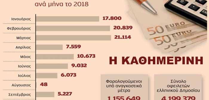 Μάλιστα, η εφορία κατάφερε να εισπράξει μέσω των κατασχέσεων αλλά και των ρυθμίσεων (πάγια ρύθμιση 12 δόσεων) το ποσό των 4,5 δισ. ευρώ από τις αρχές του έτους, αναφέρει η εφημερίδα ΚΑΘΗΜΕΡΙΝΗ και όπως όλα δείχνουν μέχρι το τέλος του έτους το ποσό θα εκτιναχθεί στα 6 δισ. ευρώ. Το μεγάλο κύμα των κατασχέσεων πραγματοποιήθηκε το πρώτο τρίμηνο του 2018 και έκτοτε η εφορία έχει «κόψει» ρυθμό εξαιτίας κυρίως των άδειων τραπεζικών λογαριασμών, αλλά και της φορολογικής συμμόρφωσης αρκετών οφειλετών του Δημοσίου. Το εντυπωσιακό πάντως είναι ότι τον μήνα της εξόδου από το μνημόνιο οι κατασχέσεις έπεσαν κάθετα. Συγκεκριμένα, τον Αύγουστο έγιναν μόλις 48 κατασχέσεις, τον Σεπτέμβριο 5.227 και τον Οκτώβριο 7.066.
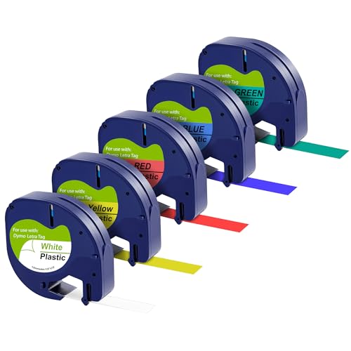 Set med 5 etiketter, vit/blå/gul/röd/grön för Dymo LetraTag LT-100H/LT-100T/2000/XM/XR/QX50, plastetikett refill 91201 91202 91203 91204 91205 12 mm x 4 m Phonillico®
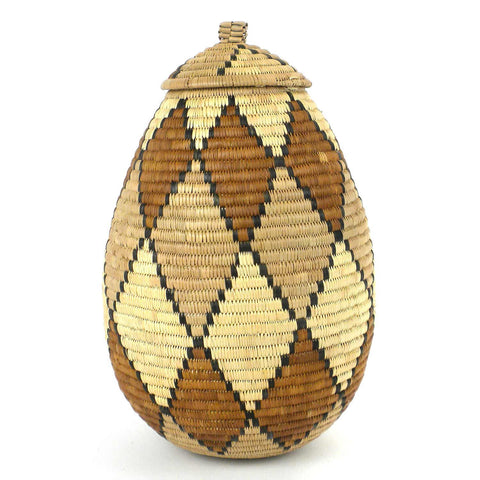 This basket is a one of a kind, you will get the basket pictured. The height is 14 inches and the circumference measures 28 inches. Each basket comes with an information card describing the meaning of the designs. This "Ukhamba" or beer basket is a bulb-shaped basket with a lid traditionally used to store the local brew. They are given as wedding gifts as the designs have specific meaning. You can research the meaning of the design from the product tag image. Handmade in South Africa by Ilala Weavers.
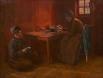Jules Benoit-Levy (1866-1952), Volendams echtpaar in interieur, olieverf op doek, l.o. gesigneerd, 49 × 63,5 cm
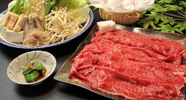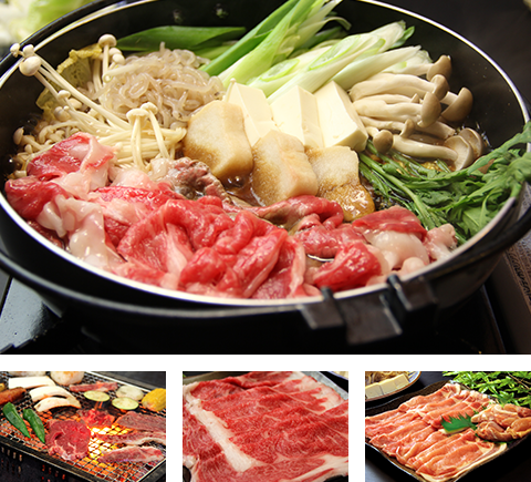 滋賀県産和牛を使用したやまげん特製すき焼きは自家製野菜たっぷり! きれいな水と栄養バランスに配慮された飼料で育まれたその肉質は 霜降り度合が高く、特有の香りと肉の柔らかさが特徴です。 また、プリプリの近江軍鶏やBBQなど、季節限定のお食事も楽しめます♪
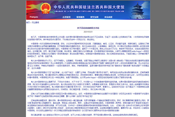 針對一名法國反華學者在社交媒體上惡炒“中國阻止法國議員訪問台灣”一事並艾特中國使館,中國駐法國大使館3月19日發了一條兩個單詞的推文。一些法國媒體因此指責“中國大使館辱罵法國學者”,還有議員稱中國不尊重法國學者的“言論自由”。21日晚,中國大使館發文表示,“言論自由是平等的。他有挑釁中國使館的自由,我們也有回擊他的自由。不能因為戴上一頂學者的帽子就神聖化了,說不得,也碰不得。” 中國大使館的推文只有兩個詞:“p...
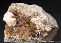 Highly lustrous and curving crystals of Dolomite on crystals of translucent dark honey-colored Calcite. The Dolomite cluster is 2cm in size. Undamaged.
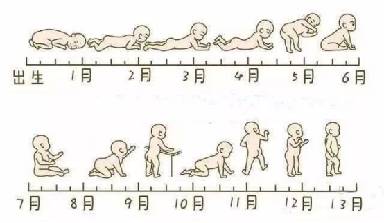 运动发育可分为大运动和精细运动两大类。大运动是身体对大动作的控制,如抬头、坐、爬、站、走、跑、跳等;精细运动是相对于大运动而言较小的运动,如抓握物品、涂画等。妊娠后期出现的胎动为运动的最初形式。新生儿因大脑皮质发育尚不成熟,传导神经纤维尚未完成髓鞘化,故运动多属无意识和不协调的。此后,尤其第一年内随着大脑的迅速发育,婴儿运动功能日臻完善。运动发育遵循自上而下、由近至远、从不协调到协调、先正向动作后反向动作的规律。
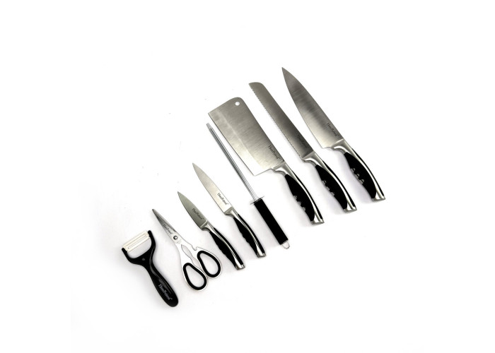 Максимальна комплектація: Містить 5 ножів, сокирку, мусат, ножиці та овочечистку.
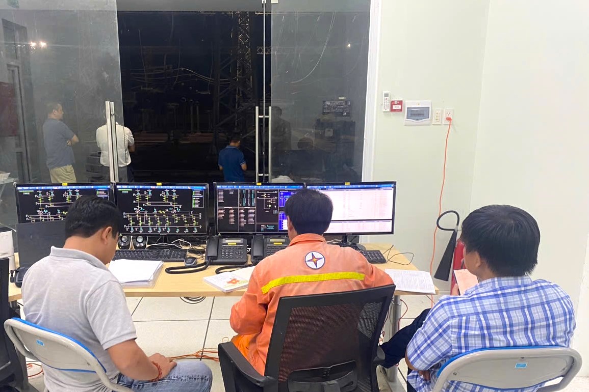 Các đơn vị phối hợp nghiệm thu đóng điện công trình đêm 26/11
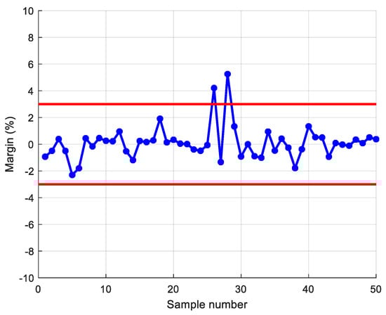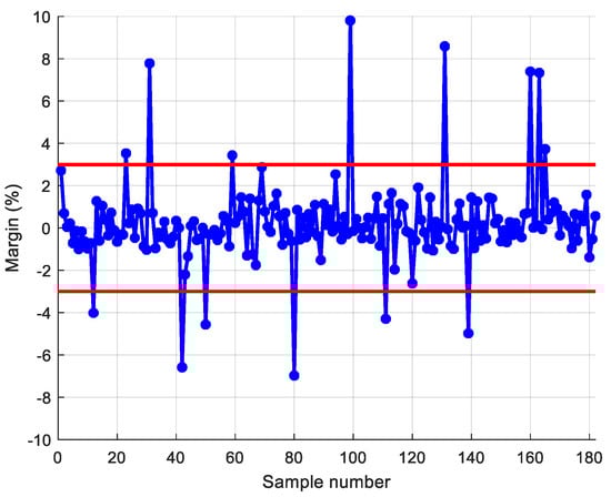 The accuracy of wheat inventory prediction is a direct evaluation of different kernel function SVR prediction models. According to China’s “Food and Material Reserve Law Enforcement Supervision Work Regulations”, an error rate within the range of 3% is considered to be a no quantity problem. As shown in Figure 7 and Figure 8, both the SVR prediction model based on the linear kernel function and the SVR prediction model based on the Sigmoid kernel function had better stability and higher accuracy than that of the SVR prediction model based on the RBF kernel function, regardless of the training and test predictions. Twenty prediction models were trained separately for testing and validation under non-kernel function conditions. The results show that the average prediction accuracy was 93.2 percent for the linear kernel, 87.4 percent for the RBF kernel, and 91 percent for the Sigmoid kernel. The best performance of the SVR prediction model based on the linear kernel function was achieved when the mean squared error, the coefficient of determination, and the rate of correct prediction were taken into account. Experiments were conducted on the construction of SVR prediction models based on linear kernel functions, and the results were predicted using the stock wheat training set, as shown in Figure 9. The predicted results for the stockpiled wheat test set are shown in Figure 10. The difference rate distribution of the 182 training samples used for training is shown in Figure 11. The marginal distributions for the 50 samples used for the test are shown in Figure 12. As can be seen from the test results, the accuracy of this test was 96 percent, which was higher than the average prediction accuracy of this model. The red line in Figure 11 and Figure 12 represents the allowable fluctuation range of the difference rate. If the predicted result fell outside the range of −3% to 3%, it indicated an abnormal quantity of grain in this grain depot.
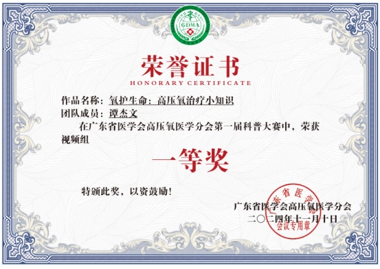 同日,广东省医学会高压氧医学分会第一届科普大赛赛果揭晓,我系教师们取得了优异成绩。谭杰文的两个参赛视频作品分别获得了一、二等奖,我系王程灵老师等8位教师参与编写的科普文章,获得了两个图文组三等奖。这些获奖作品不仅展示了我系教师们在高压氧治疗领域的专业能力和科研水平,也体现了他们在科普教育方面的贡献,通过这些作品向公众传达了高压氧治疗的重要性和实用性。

==================================================

Work instruction — Reproduce the entries exactly, from the line with "針對一名法國反華學者在社交媒" to the line with "Các đơn vị phối", both lines included, keeping no pictures.

Response to the exercise —
 針對一名法國反華學者在社交媒體上惡炒“中國阻止法國議員訪問台灣”一事並艾特中國使館,中國駐法國大使館3月19日發了一條兩個單詞的推文。一些法國媒體因此指責“中國大使館辱罵法國學者”,還有議員稱中國不尊重法國學者的“言論自由”。21日晚,中國大使館發文表示,“言論自由是平等的。他有挑釁中國使館的自由,我們也有回擊他的自由。不能因為戴上一頂學者的帽子就神聖化了,說不得,也碰不得。” 中國大使館的推文只有兩個詞:“p...
 Highly lustrous and curving crystals of Dolomite on crystals of translucent dark honey-colored Calcite. The Dolomite cluster is 2cm in size. Undamaged.
 运动发育可分为大运动和精细运动两大类。大运动是身体对大动作的控制,如抬头、坐、爬、站、走、跑、跳等;精细运动是相对于大运动而言较小的运动,如抓握物品、涂画等。妊娠后期出现的胎动为运动的最初形式。新生儿因大脑皮质发育尚不成熟,传导神经纤维尚未完成髓鞘化,故运动多属无意识和不协调的。此后,尤其第一年内随着大脑的迅速发育,婴儿运动功能日臻完善。运动发育遵循自上而下、由近至远、从不协调到协调、先正向动作后反向动作的规律。
 Максимальна комплектація: Містить 5 ножів, сокирку, мусат, ножиці та овочечистку.
 Các đơn vị phối hợp nghiệm thu đóng điện công trình đêm 26/11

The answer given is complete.